- _Given material_:
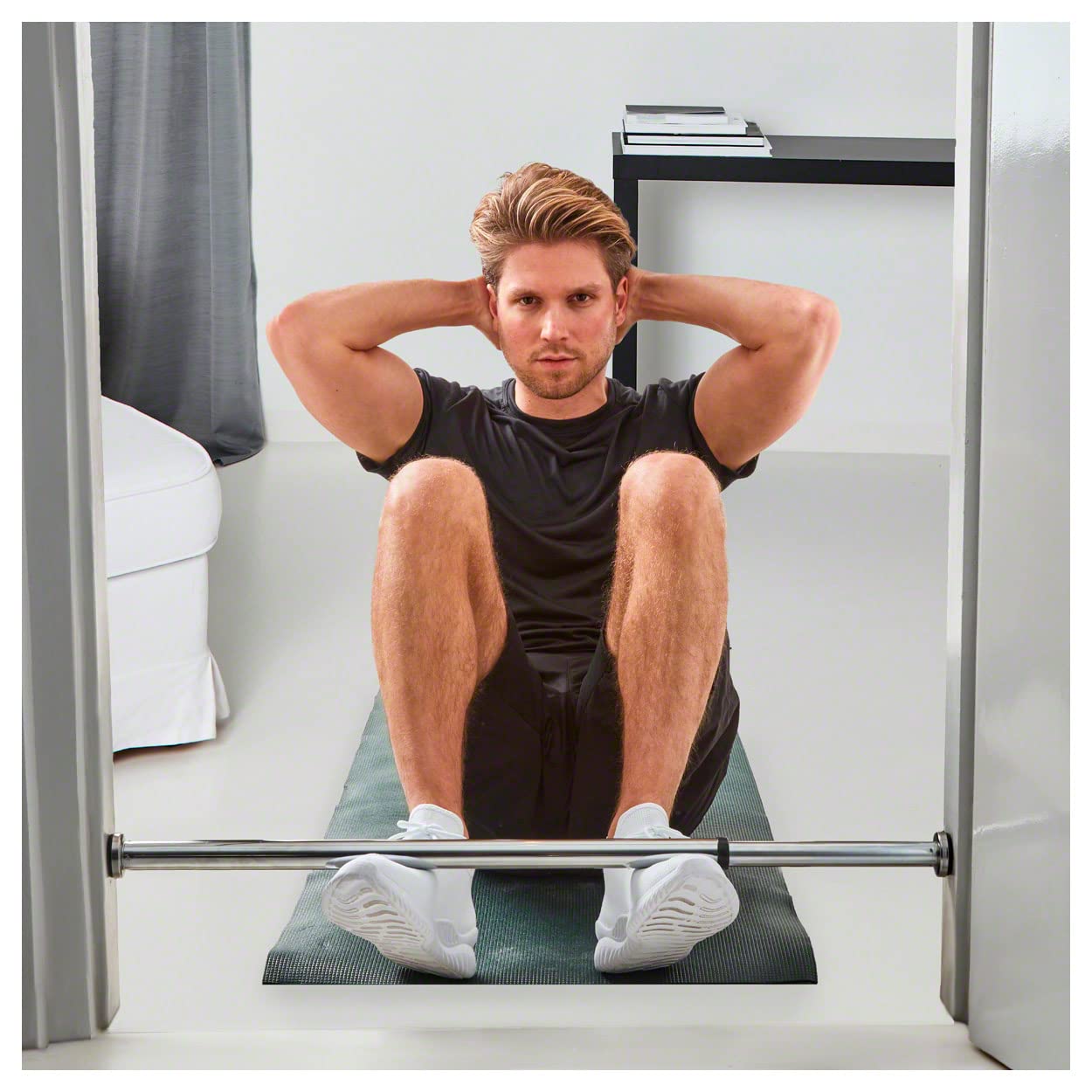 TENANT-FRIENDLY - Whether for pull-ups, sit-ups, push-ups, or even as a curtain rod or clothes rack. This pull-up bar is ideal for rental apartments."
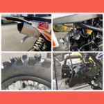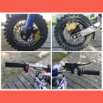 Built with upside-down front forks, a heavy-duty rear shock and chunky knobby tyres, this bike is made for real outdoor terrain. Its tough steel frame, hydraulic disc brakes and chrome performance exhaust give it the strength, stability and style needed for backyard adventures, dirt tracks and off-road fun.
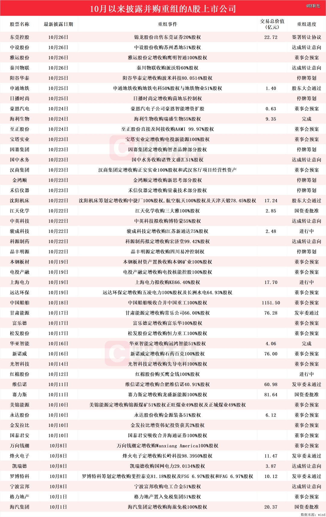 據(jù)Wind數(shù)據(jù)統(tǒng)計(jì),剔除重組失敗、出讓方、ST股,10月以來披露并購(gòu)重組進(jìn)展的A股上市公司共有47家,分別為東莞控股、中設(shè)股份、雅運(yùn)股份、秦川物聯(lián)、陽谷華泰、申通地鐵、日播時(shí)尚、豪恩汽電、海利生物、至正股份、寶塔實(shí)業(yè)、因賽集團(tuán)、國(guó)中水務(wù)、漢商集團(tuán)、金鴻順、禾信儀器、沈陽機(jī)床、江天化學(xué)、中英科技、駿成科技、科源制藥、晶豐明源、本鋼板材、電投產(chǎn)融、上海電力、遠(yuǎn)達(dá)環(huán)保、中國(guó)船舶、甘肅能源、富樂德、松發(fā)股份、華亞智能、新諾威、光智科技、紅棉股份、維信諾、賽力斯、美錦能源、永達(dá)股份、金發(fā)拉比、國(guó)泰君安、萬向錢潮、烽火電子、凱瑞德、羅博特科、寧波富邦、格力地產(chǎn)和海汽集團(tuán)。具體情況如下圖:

- _What is being asked_: Exactly the lines from the one that contains "Built with upside-down" to the last line of the data, both included, should be set down, and no pictures should appear among them.

- _Answer box_:
 Built with upside-down front forks, a heavy-duty rear shock and chunky knobby tyres, this bike is made for real outdoor terrain. Its tough steel frame, hydraulic disc brakes and chrome performance exhaust give it the strength, stability and style needed for backyard adventures, dirt tracks and off-road fun.
 據(jù)Wind數(shù)據(jù)統(tǒng)計(jì),剔除重組失敗、出讓方、ST股,10月以來披露并購(gòu)重組進(jìn)展的A股上市公司共有47家,分別為東莞控股、中設(shè)股份、雅運(yùn)股份、秦川物聯(lián)、陽谷華泰、申通地鐵、日播時(shí)尚、豪恩汽電、海利生物、至正股份、寶塔實(shí)業(yè)、因賽集團(tuán)、國(guó)中水務(wù)、漢商集團(tuán)、金鴻順、禾信儀器、沈陽機(jī)床、江天化學(xué)、中英科技、駿成科技、科源制藥、晶豐明源、本鋼板材、電投產(chǎn)融、上海電力、遠(yuǎn)達(dá)環(huán)保、中國(guó)船舶、甘肅能源、富樂德、松發(fā)股份、華亞智能、新諾威、光智科技、紅棉股份、維信諾、賽力斯、美錦能源、永達(dá)股份、金發(fā)拉比、國(guó)泰君安、萬向錢潮、烽火電子、凱瑞德、羅博特科、寧波富邦、格力地產(chǎn)和海汽集團(tuán)。具體情況如下圖:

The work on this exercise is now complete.